# DATA FOR PROCESSING
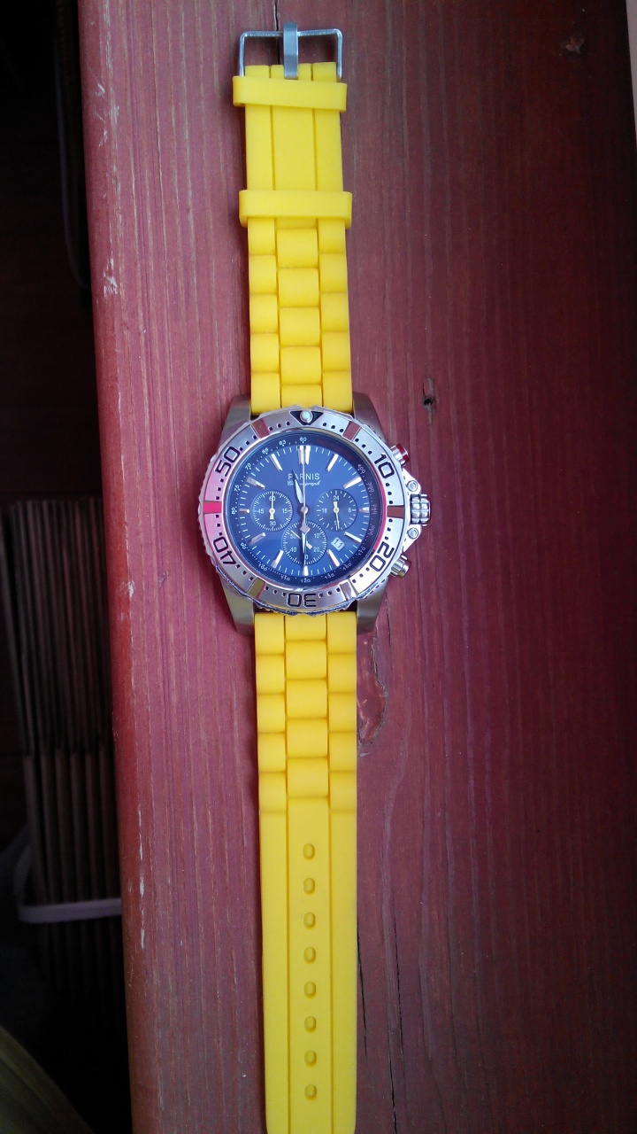 Водозащита 100 м. На черном силиконовом ремешке, желтый СИЛИКОНОВЫЙ РЕМЕШОК В ПОДАРОК.
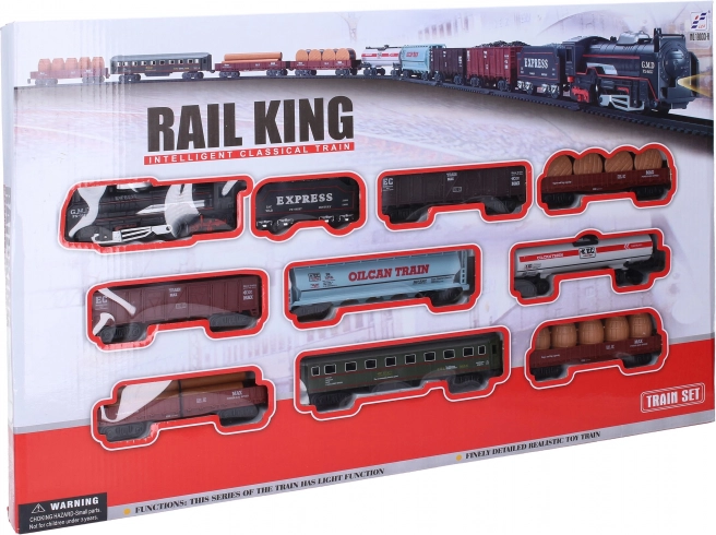 Насладете се на голям влаков комплект с размери 122 × 68 cm и реалистични звуци, които превръщат обикновената игра в истинско пътешествие. Локомотивът свети, комплектът предлага детайлна изработка и много товарни вагони за още по-голямо забавление.
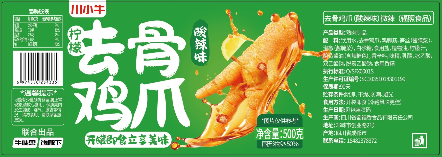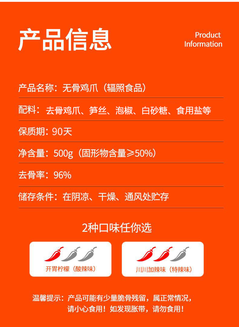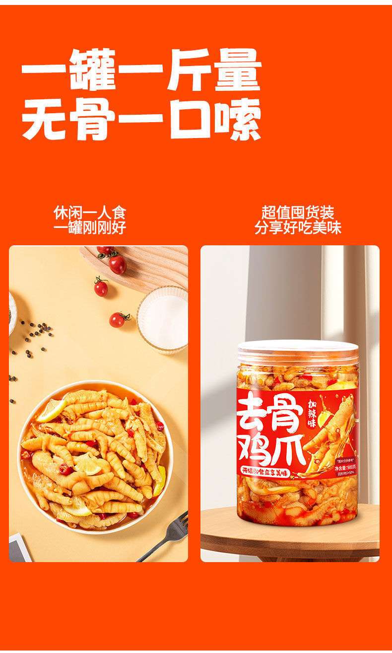 레몬맛 매콤한 무뼈 닭발 500g 매콤한 닭발 매운 닭고기 간식 사천 간식 도매
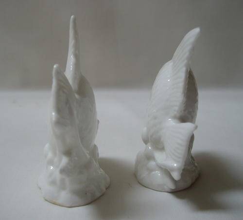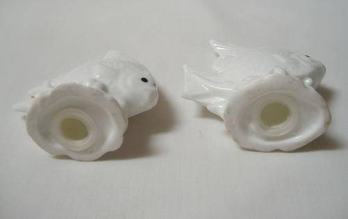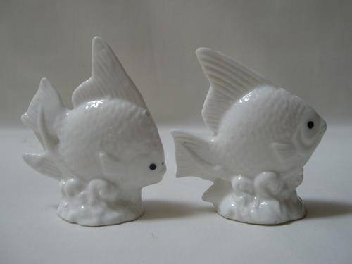 A set of white glazed porcelain salt and pepper shakers in the form of Angel fish.
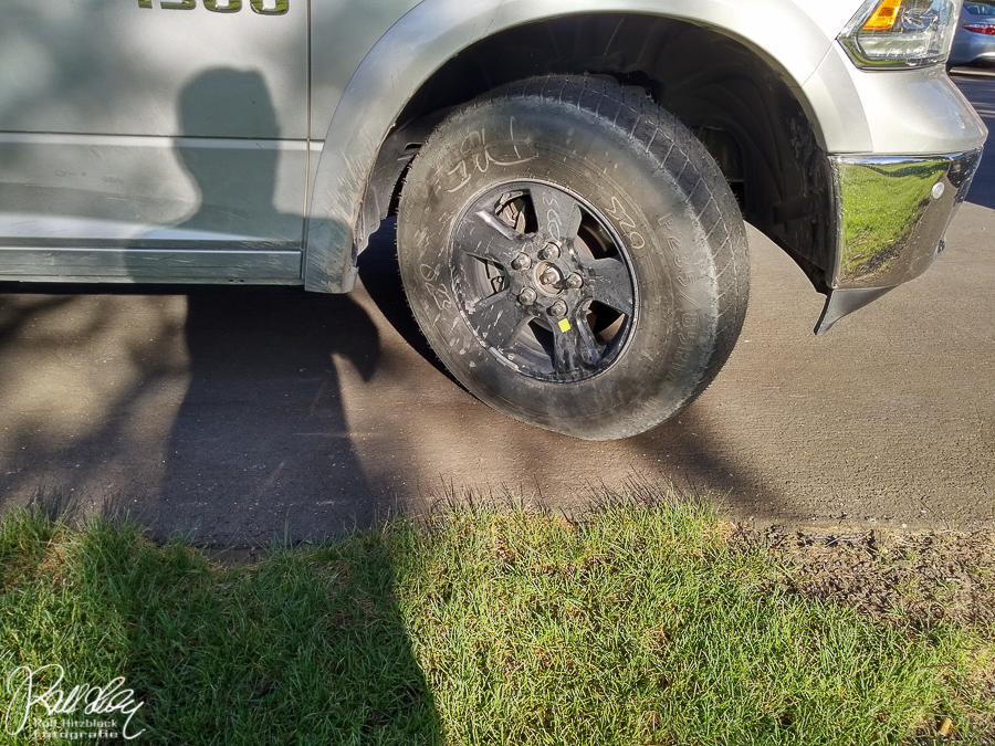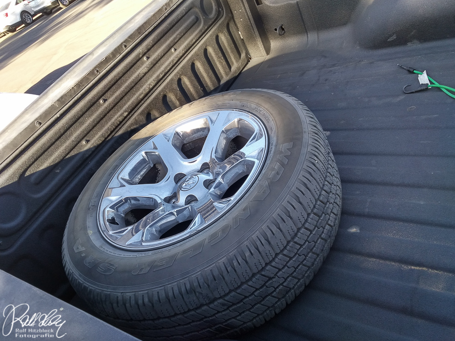 Nun ist ein Reifenwechsel eigentlich a) eine reine Männersache und b) nichts, was mich vom Hocker reißen könnte. Das eigentlich Interessante ist bei fremden Autos immer: Gibt es einen Ersatzreifen? Gibt es Werkzeug? Wo sind ersterer und letzteres? Den Reifen hatten wir schon unterhalb der Ladefläche gefunden, das Werkzeug (zum Glück einen vollständigen Wagenheber und kein Notflicksystem) gruben wir mit Hilfe der Bedienungsanleitung unter dem Beifahrersitz aus. Jetzt noch den Reifen aus seiner Verankerung lösen (war auch nicht ganz ohne) und dann konnte der eigentliche Teil des Reifen wechselns beginnen.
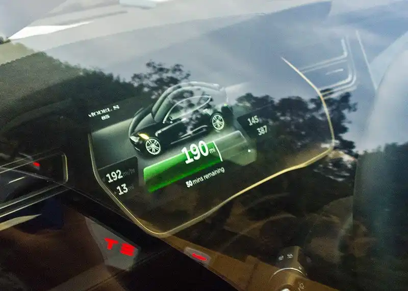 По его словам 100% заряда можно получить менее чем за полтора часа, тогда как его домашнее зарядное устройство позволяет зарядить машину полностью за 8 часов, то есть за ночь. Отметим, что приобрести SUPERCHARGER домой нельзя. Для дома предназначены только стандартные портативные зарядки. Ниже на приборной панели видно, что на текущем заряде машина уже может проехать около 190 миль (300км), а до конца процесса осталось еще 50 минут.
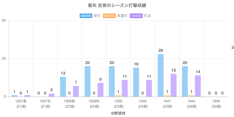 | 1937秋 | ライオン | 35 | 91 | .220 | 20 | 0 | 9 |
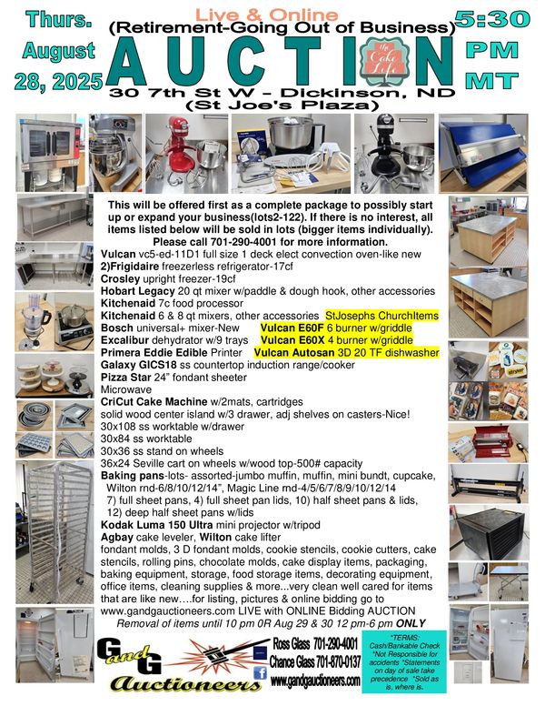 Bakery/Pastry Retiring / Going Out of business AUCTION - 3 Items just added from St Josephs Church
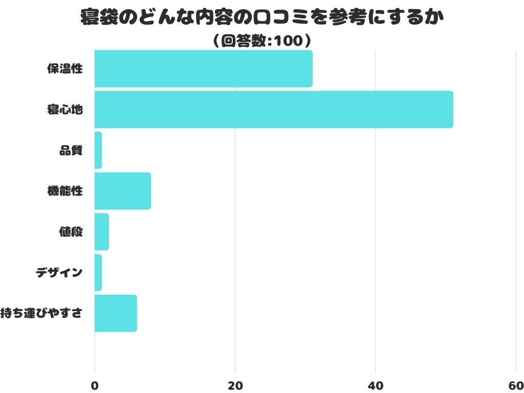 寝袋のどんな内容の口コミを参考にするかをアンケートにて調査したところ、1位は「寝心地」でした。
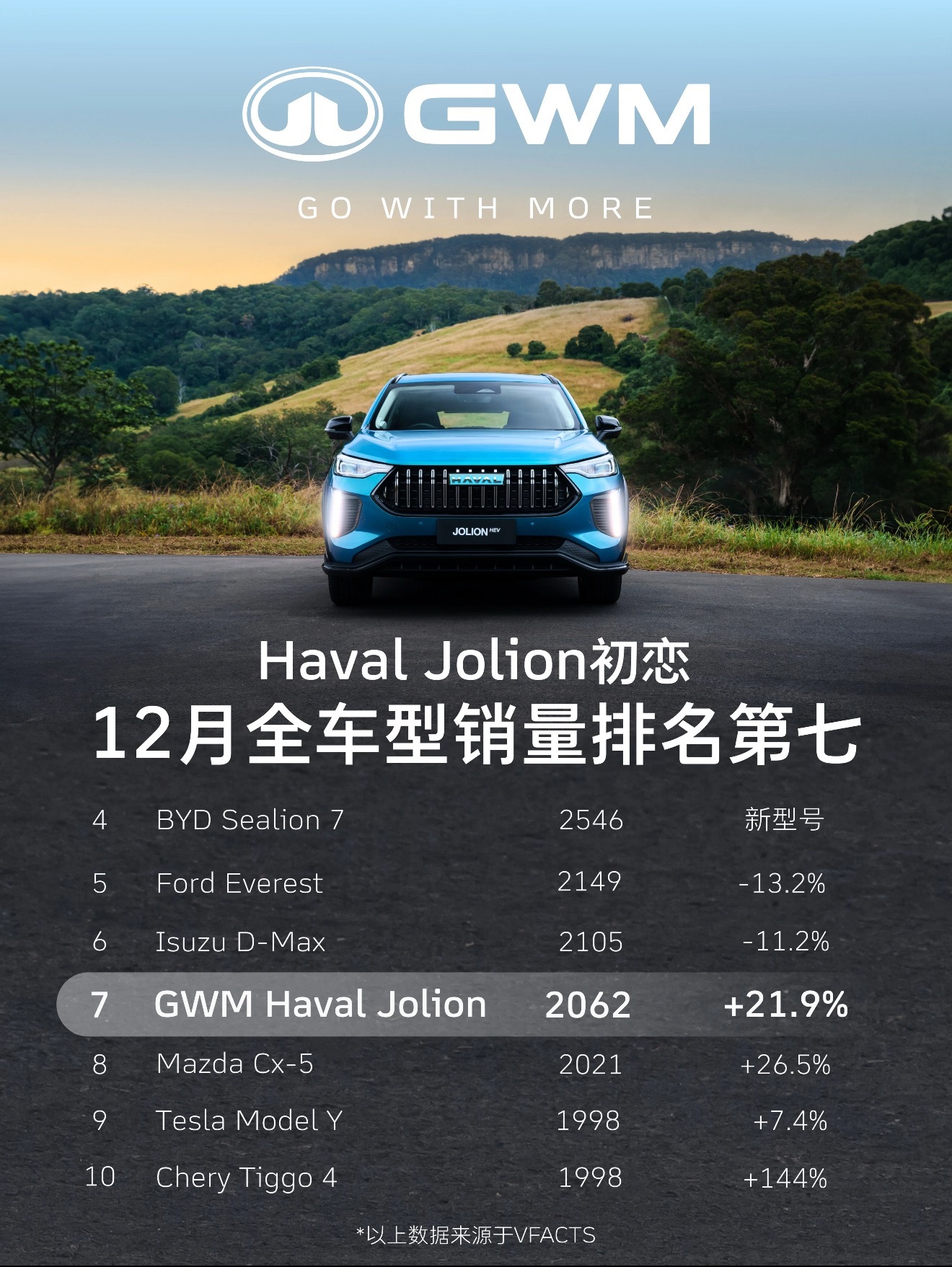 2025年长城汽车在澳洲市场共销售52809台新车,同比增长23.4%,位列市场第七。同时哈弗Jolion也在12月来到了全车型榜第七,共销售了2062台,同比增长21.9%。2026年新年伊始坦克300Hi4-T、山海炮3.0T柴油版等即将登陆澳洲市场,将会为长城汽车注入新的活力我与汽车的日常汽车资讯汽车杂谈
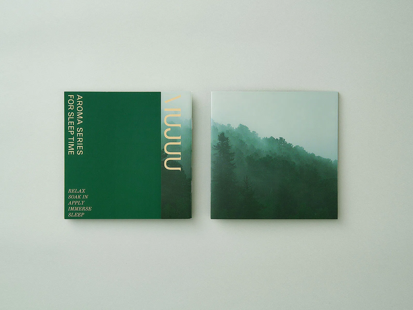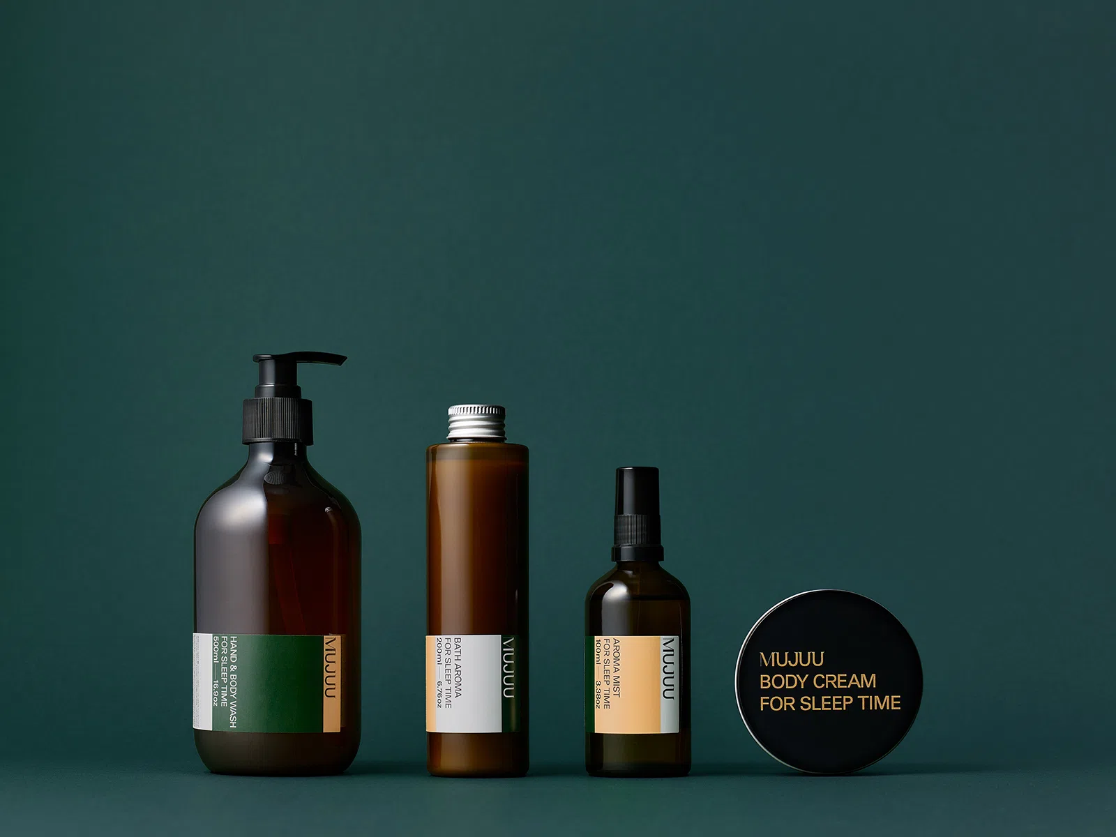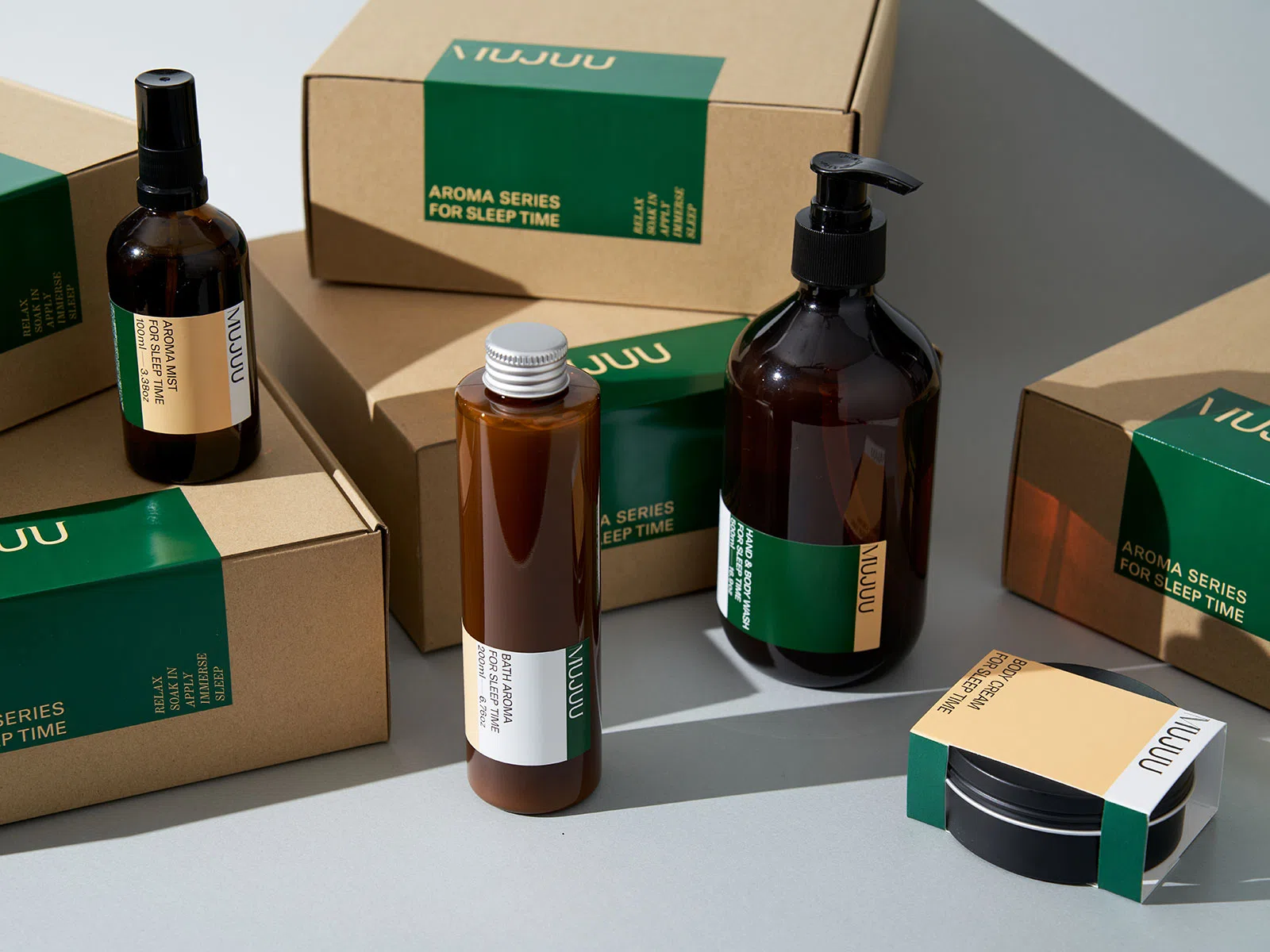 「MUJUU(ムジュウ)」は、忙しい人の睡眠ケアのために生まれたアロマブランドです。一日のおわりに頑張った自分を香りで労ってあげる。そこに寄り添うデザインはできるだけ削ぎ落としたものにしたいと考え、ブランドの顔つきをマークやパターンではなく、配色でつくっていくことに。膨大なスタディを重ね、森林のような緑と、日の光のような淡黄色、そして白の3色を選びました。4つのプロダクトを並べると、色が繋がるよう設計しています。
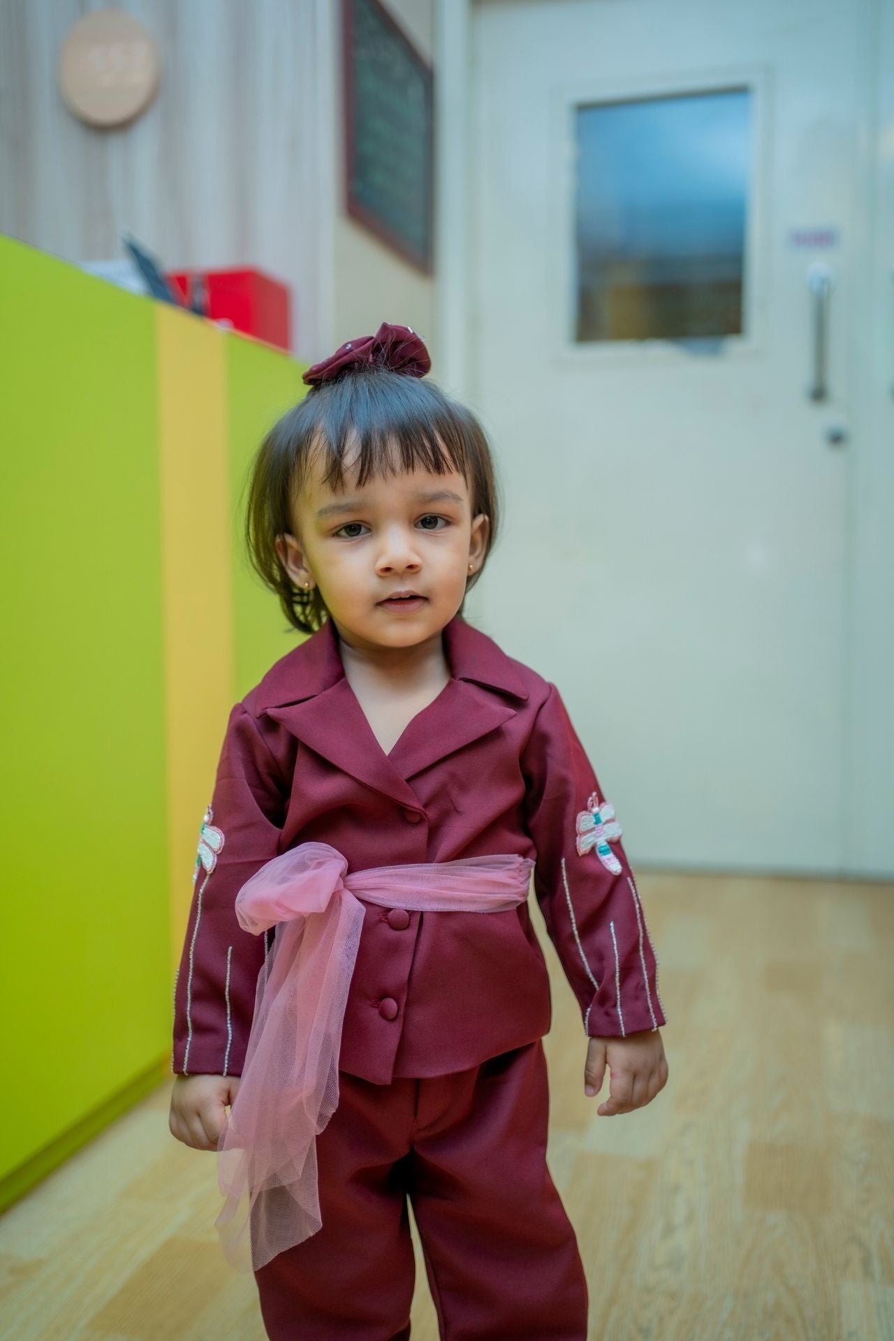A maroon blazer set with intricate wasp detailing and a chic belt — sharp tailoring for your little fashion leader.

# WORK ORDER
All the material above must be copied exactly, and no picture belongs in the copy.

# RESULT
 Водозащита 100 м. На черном силиконовом ремешке, желтый СИЛИКОНОВЫЙ РЕМЕШОК В ПОДАРОК.
 Насладете се на голям влаков комплект с размери 122 × 68 cm и реалистични звуци, които превръщат обикновената игра в истинско пътешествие. Локомотивът свети, комплектът предлага детайлна изработка и много товарни вагони за още по-голямо забавление.
 레몬맛 매콤한 무뼈 닭발 500g 매콤한 닭발 매운 닭고기 간식 사천 간식 도매
 A set of white glazed porcelain salt and pepper shakers in the form of Angel fish.
 Nun ist ein Reifenwechsel eigentlich a) eine reine Männersache und b) nichts, was mich vom Hocker reißen könnte. Das eigentlich Interessante ist bei fremden Autos immer: Gibt es einen Ersatzreifen? Gibt es Werkzeug? Wo sind ersterer und letzteres? Den Reifen hatten wir schon unterhalb der Ladefläche gefunden, das Werkzeug (zum Glück einen vollständigen Wagenheber und kein Notflicksystem) gruben wir mit Hilfe der Bedienungsanleitung unter dem Beifahrersitz aus. Jetzt noch den Reifen aus seiner Verankerung lösen (war auch nicht ganz ohne) und dann konnte der eigentliche Teil des Reifen wechselns beginnen.
 По его словам 100% заряда можно получить менее чем за полтора часа, тогда как его домашнее зарядное устройство позволяет зарядить машину полностью за 8 часов, то есть за ночь. Отметим, что приобрести SUPERCHARGER домой нельзя. Для дома предназначены только стандартные портативные зарядки. Ниже на приборной панели видно, что на текущем заряде машина уже может проехать около 190 миль (300км), а до конца процесса осталось еще 50 минут.
 | 1937秋 | ライオン | 35 | 91 | .220 | 20 | 0 | 9 |
 Bakery/Pastry Retiring / Going Out of business AUCTION - 3 Items just added from St Josephs Church
 寝袋のどんな内容の口コミを参考にするかをアンケートにて調査したところ、1位は「寝心地」でした。
 2025年长城汽车在澳洲市场共销售52809台新车,同比增长23.4%,位列市场第七。同时哈弗Jolion也在12月来到了全车型榜第七,共销售了2062台,同比增长21.9%。2026年新年伊始坦克300Hi4-T、山海炮3.0T柴油版等即将登陆澳洲市场,将会为长城汽车注入新的活力我与汽车的日常汽车资讯汽车杂谈
 「MUJUU(ムジュウ)」は、忙しい人の睡眠ケアのために生まれたアロマブランドです。一日のおわりに頑張った自分を香りで労ってあげる。そこに寄り添うデザインはできるだけ削ぎ落としたものにしたいと考え、ブランドの顔つきをマークやパターンではなく、配色でつくっていくことに。膨大なスタディを重ね、森林のような緑と、日の光のような淡黄色、そして白の3色を選びました。4つのプロダクトを並べると、色が繋がるよう設計しています。
A maroon blazer set with intricate wasp detailing and a chic belt — sharp tailoring for your little fashion leader.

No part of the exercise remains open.